The threshold for class 1 secondary NIC is unaffected however, meaning there will be different thresholds applicable to primary and secondary class 1 NIC as of 6 April 2020. The same threshold increase will also apply to the low profits limit for class 4 NIC purposes meaning self-employed businesses will also benefit.
Additionally, the annual upper earnings limit remains unchanged at £50,000 meaning that the earnings that are subject to the higher rates of class 1 primary and class 4 secondary is reduced. The Government estimates that this policy will take around 1.1 million people out of paying class 1 and class 4 NIC entirely.

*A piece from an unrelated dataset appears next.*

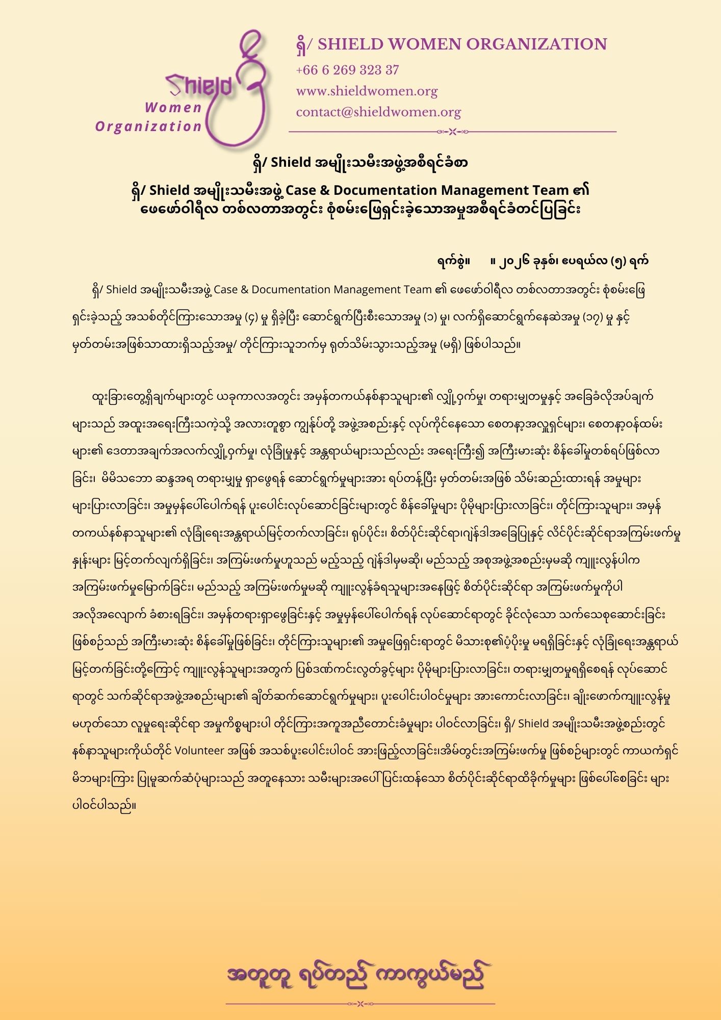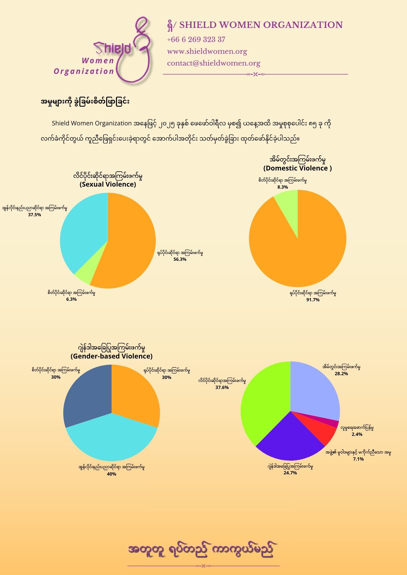 ရှိ/ Shield အမျိုးသမီးအဖွဲ့ အစီရင်ခံစာရှိ/ Shield အမျိုးသမီးအဖွဲ့ Case & Documentation Management Team ၏ မတ်လ တစ်လတာအတွင်း စုံစမ်းဖြေရှင်းခဲ့သောအမှုအစီရင်ခံတင်ပြခြင်း၁။ ၂၀၂၆ ခုနှစ် မတ်လ အတွက် အနှစ်ချုပ်အသစ်တိုင်ကြားသောအမှု - ၄ မှု ဆောင်ရွက်ပြီးစီးသောအမှု - ၁ မှု လက်ရှိဆောင်ရွက်နေဆဲအမှု - ၁၇ မှု အခြားမိတ်ဖက်အဖွဲ့အစည်းအား လွှဲပြောင်းခဲ့သောအမှု - မရှိမှတ်တမ်းအဖြစ်သာထားရှိသည့်အမှု/တိုင်ကြားသူဘက်မှ ရုတ်သိမ်းသွားသည့်အမှု-မရှိ တိုင်ကြားလာသည်ကိုအကြောင်းပြန်ရန် ကျန်ရှိသောအမှုများ - ၂ မှု အဖွဲ့၏ စံနှုန်းနှင့် မကိုက်ညီ၍ ဆောင်ရွက်ခြင်းမပြုသောအမှု - ၁ မှု တိုင်ကြားသူနှင့် ဆယ်သွယ်၍ မရသောအမှု - မရှိရပ်နားထားသောအမှု - မရှိ________၂။ ၂၀၂၅ ခုနှစ် ဇန်နဝါရီလမှစ၍ အနှစ်ချုပ်စုစုပေါင်းတိုင်ကြားလာသောအမှု - ၈၅ မှုဆောင်ရွက်ပြီးစီးသောအမှု - ၂၆ မှု လက်ရှိဆောင်ရွက်နေဆဲအမှု - ၁၆ မှု အခြားမိတ်ဖက်အဖွဲ့အစည်းအား လွှဲပြောင်းခဲ့သောအမှု - ၄ မှု မှတ်တမ်းအဖြစ်သာထားရှိသည့်အမှု/တိုင်ကြားသူဘက်မှ ရုပ်သိမ်းသွားသည့်အမှု - ၁၇ မှု အဖွဲ့၏ စံနှုန်းနှင့် မကိုက်ညီ၍ ဆောင်ရွက်ခြင်းမပြုသောအမှု - ၉ မှု တိုင်ကြားသူနှင့် ဆယ်သွယ်၍ မရသောအမှု - ၁၀ မှု တိုင်ကြားလာသည်ကိုအကြောင်းပြန်ရန် ကျန်ရှိသောအမှုများ - မရှိရပ်နားထားသောအမှု - မရှိ၃။ အမှုများကို ခွဲခြမ်းစိတ်ဖြာခြင်းShield Women Organization အနေဖြင့် ၂၀၂၅ ခုနှစ် ဖေဖော်ဝါရီလမှစ၍ ယနေ့အထိ အမှုစုစုပေါင်း ၈၅ ခု ကို လက်ခံကိုင်တွယ် ကူညီဖြေရှင်းပေးခဲ့ရာတွင် အောက်ပါအတိုင်း သတ်မှတ်ခွဲခြား ထုတ်ဖော်နိုင်ခဲ့ပါသည်။အိမ်တွင်းအကြမ်းဖက်မှု ( Domestic Violence ) - ၂၄ မှု အိမ်တွင်းအကြမ်းဖက်မှုအောက်၌ ထပ်မံစီစစ်ရာတွင်ရုပ်ပိုင်းဆိုင်ရာ အကြမ်းဖက်မှု - ၂၂ မှု စိတ်ပိုင်းဆိုင်ရာ အကြမ်းဖက်မှု - ၂ မှုအွန်လိုင်းနည်းပညာဆိုင်ရာ အကြမ်းဖက်မှု - မရှိလိင်ပိုင်းဆိုင်ရာအကြမ်းဖက်မှု (Sexual Violence) – ၃၂ မှု လိင်ပိုင်းဆိုင်ရာအကြမ်းဖက်မှုအောက်၌ ထပ်မံစီစစ်ရာတွင်ရုပ်ပိုင်းဆိုင်ရာ အကြမ်းဖက်မှု - ၁၈ မှု စိတ်ပိုင်းဆိုင်ရာ အကြမ်းဖက်မှု - ၂ မှုအွန်လိုင်းနည်းပညာဆိုင်ရာ အကြမ်းဖက်မှု - ၁၂ မှုဂျဲန်ဒါအခြေပြုအကြမ်းဖက်မှု (Gender-based Violence) - ၂၁ မှုဂျဲန်ဒါအခြေပြုအကြမ်းဖက်မှုအောက်၌ ထပ်မံစီစစ်ရာတွင်ရုပ်ပိုင်းဆိုင်ရာ အကြမ်းဖက်မှု - ၆ မှု စိတ်ပိုင်းဆိုင်ရာ အကြမ်းဖက်မှု - ၆ မှု အွန်လိုင်းနည်းပညာဆိုင်ရာ အကြမ်းဖက်မှု - ၈ မှု လူမှုရေးဖောက်ပြန်မှု (Social Deviance) - ၂ မှုအဖွဲ့၏ မူဝါဒများနှင့် မကိုက်ညီသဖြင့် လက်ခံဆောင်ရွက်ခြင်း မပြုသောအမှု - ၆ မှု________၄။ မတ်လ တစ်လတာအတွင်း ဆောင်ရွက်ပြီးစီးသောအမှုအကျဉ်းချုပ် - ၁ မှု*(၁) အမှုနံပါတ် - Case-0081အမှုခေါင်းစဉ် - ဂျဲန်ဒါအခြေပြုအကြမ်းဖက်မှုအမှုအမျိုးအစ

9. Pension allowance changes
Effective from April 2020, both the threshold income and adjusted income limits will increase by £90,000. This will therefore mean fewer higher rate earners will be subject to the tapered pension annual allowance. It means people with threshold income of less than £200,000 will not be subject to the pension allowance tapering. The main objective of this is to support surgeons and consultants in the NHS by reducing the punitive pension charges associated with additional shift work.
Additionally, the minimum level to which the annual allowance can taper down to will reduce from £10,000 to £4,000. This will only impact those individual’s whose adjusted income is more than £300,000.
10. An expanding HMRC - a word of warning!
For the past decade the government has equipped HM Revenue & Customs (HMRC) with various tools and powers in an attempt to eliminate the tax gap. This has included clamping down on avoidance and evasion whilst also reviewing tax reliefs for fraudulent use. In 2018 half a million small businesses were subject to a tax investigation, whilst 46% of SMEs where cited for the £34bn of tax that wasn't collected in the 2015/16 tax year.
The Chancellor announced that 1,300 additional staff will be added to HMRC to "improve research & compliance work on emerging tax risks". This likely means we can expect more tax investigations and further strict application of UK tax legislation.
It might just serve as a word of warning! What Rishi Sunak has given with one hand in the form of all the spending announcements made today, he is likely to claw back tomorrow. The government hopes an increasingly powerful taxman will raise an additional £4.4bn in tax revenue as a result of this investment.
The content of this post was created on 11/03/2020 and updated on 12/03/2020.